Enhance async tool execution and error handling in Hermes agent for Atropos integration

- Updated `.gitignore` to exclude `testlogs` directory. - Refactored `handle_web_function_call` in `model_tools.py` to support running async functions in existing event loops, improving compatibility with Atropos. - Introduced a thread pool executor in `agent_loop.py` for running synchronous tool calls that internally use `asyncio.run()`, preventing deadlocks. - Added `ToolError` class to track tool execution errors, enhancing error reporting during agent loops. - Updated `wandb_log` method in `hermes_base_env.py` to log tool error statistics for better monitoring. - Implemented patches in `patches.py` to ensure async-safe operation of tools within Atropos's event loop. - Enhanced `ToolContext` and `terminal_tool.py` to utilize the new async handling, improving overall tool execution reliability.
2026-04-25 00:51:20 +00:00 · 2026-02-08 05:00:47 +00:00 · 2026-02-08 05:00:47 +00:00 · d999d9876d
commit d999d9876d
parent a8809bbd3e
9 changed files with 540 additions and 64 deletions
--- a/environments/tool_context.py
+++ b/environments/tool_context.py
@ -25,14 +25,43 @@ Example usage in a compute_reward():

 import json
 import logging
+import os
 from typing import Any, Dict, List, Optional

+import asyncio
+import concurrent.futures
+
 from model_tools import handle_function_call
 from tools.terminal_tool import cleanup_vm
 from tools.browser_tool import cleanup_browser

 logger = logging.getLogger(__name__)

+# Thread pool for running sync tool calls that internally use asyncio.run()
+_tool_executor = concurrent.futures.ThreadPoolExecutor(max_workers=4)
+
+
+def _run_tool_in_thread(tool_name: str, arguments: Dict[str, Any], task_id: str) -> str:
+    """
+    Run a tool call in a thread pool executor so backends that use asyncio.run()
+    internally (modal, docker) get a clean event loop.
+
+    If we're already in an async context, uses run_in_executor.
+    If not (e.g., called from sync code), runs directly.
+    """
+    try:
+        loop = asyncio.get_running_loop()
+        # We're in an async context -- need to run in thread
+        import concurrent.futures
+        with concurrent.futures.ThreadPoolExecutor(max_workers=1) as pool:
+            future = pool.submit(
+                handle_function_call, tool_name, arguments, task_id
+            )
+            return future.result(timeout=300)
+    except RuntimeError:
+        # No running event loop -- safe to call directly
+        return handle_function_call(tool_name, arguments, task_id)
+

 class ToolContext:
    """
@ -61,10 +90,15 @@ class ToolContext:
        Returns:
            Dict with 'exit_code' (int) and 'output' (str)
        """
-        result = handle_function_call(
+        import os
+        backend = os.getenv("TERMINAL_ENV", "local")
+        logger.debug("ToolContext.terminal [%s backend] task=%s: %s", backend, self.task_id[:8], command[:100])
+
+        # Run in thread pool so modal/docker backends' asyncio.run() doesn't deadlock
+        result = _run_tool_in_thread(
            "terminal",
            {"command": command, "timeout": timeout},
-            task_id=self.task_id,
+            self.task_id,
        )
        try:
            return json.loads(result)
@ -222,7 +256,7 @@ class ToolContext:
        Returns:
            Raw JSON string result from the tool
        """
-        return handle_function_call(tool_name, arguments, task_id=self.task_id)
+        return _run_tool_in_thread(tool_name, arguments, self.task_id)
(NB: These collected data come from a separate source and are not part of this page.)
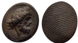
1162 ANCIENT GREEK CARNELIAN INTAGLIO..(3rd-4th centuriesBC). Condition : Good very fine. Weight : gr Diameter : mm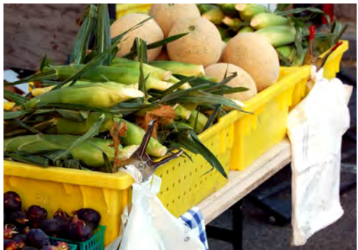
The bounty of farmers markets in Healdsburg

Bid farewell to California. While you might be heading back home, you'll take with you all you've learned and experienced here.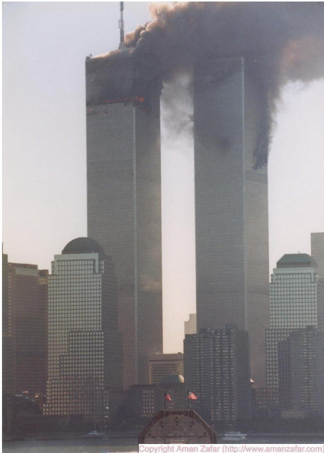
Figure 61. source wtc-31_1_small.jpg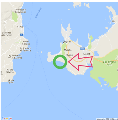
Cesme Altinkum Beach (20-02-2018)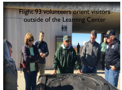
Flight 93 volunteers orient visitors outside of the Learning Center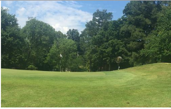
Fan on #3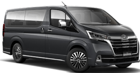
● Graphite 14 1G3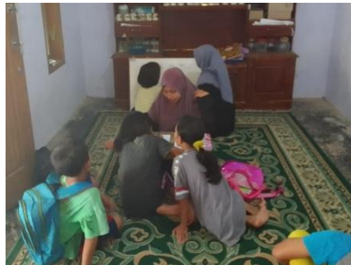
Figure 3. First Location, Second Meeting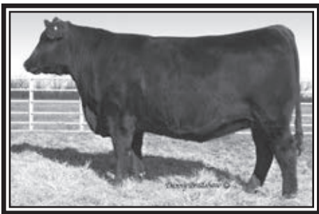
Lady Ida of Ellston H6 Owned by KDS Angus $33,500 Grandam of Lot 150 Full Sister to the Dam of Lot 151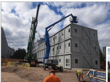
Welfare/offices being installed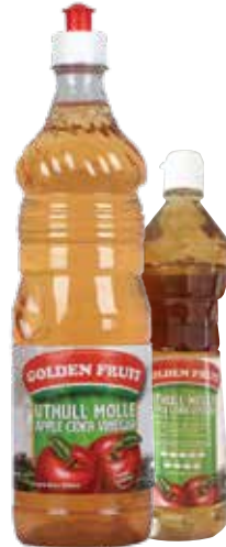
APPLE CIDER VINEGAR 950ml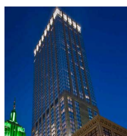
The Langham, New York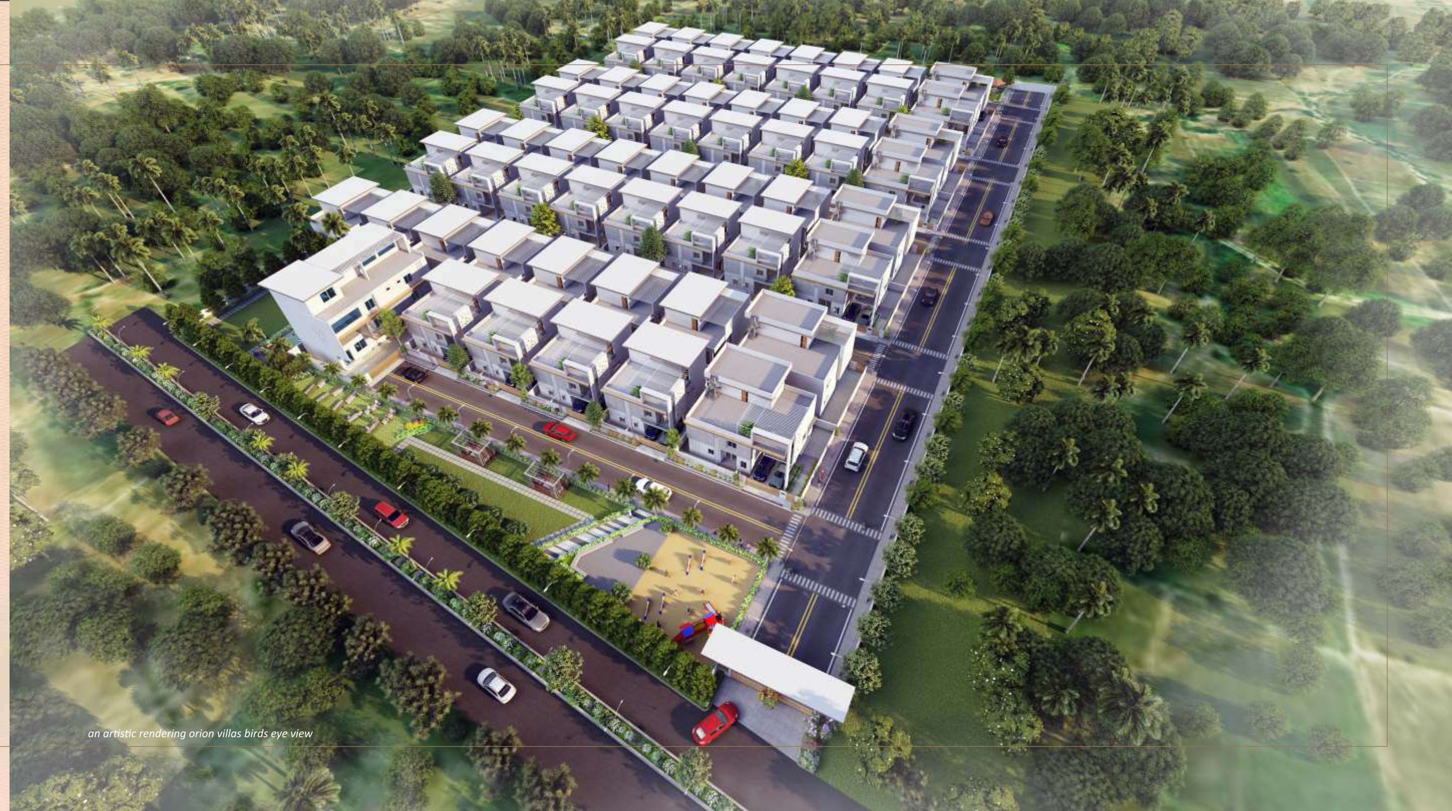
an artistic rendering orion villas birds eye view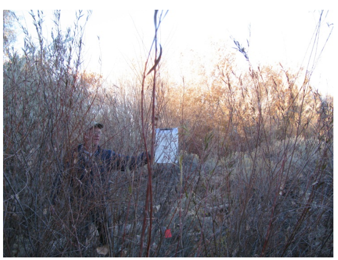
Looking North from Plot Center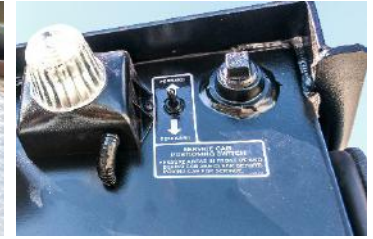
Service Cab Positioning Switch allows the Cab to be Traversed with Machine Powered Down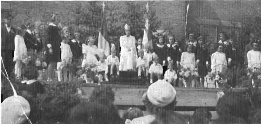
Une pièce de théâtre de Noëlville représentée à Verner pour le concours de français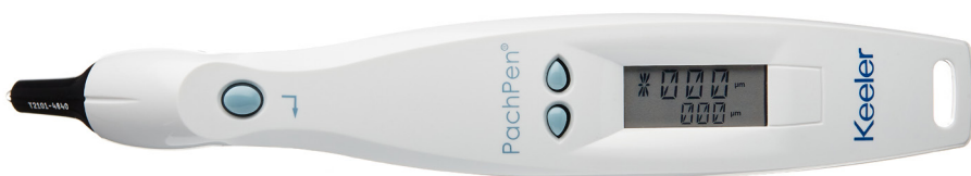
Figure 1.1 - PachPen Pachymeter

The Keeler PachPen pictured below has all the features that make it easy to obtain extreme accuracy and improved patient outcomes.

    # -------------------------------------------------------------------------
    # Cleanup
@ -240,7 +274,16 @@ class ToolContext:
        except Exception as e:
            logger.debug("VM cleanup for task %s: %s", self.task_id, e)

+        # Suppress browser_tool's noisy debug prints during cleanup.
+        # The cleanup still runs (safe), it just doesn't spam the console.
+        _prev_quiet = os.environ.get("HERMES_QUIET")
+        os.environ["HERMES_QUIET"] = "1"
        try:
            cleanup_browser(self.task_id)
        except Exception as e:
            logger.debug("Browser cleanup for task %s: %s", self.task_id, e)
+        finally:
+            if _prev_quiet is None:
+                os.environ.pop("HERMES_QUIET", None)
+            else:
+                os.environ["HERMES_QUIET"] = _prev_quiet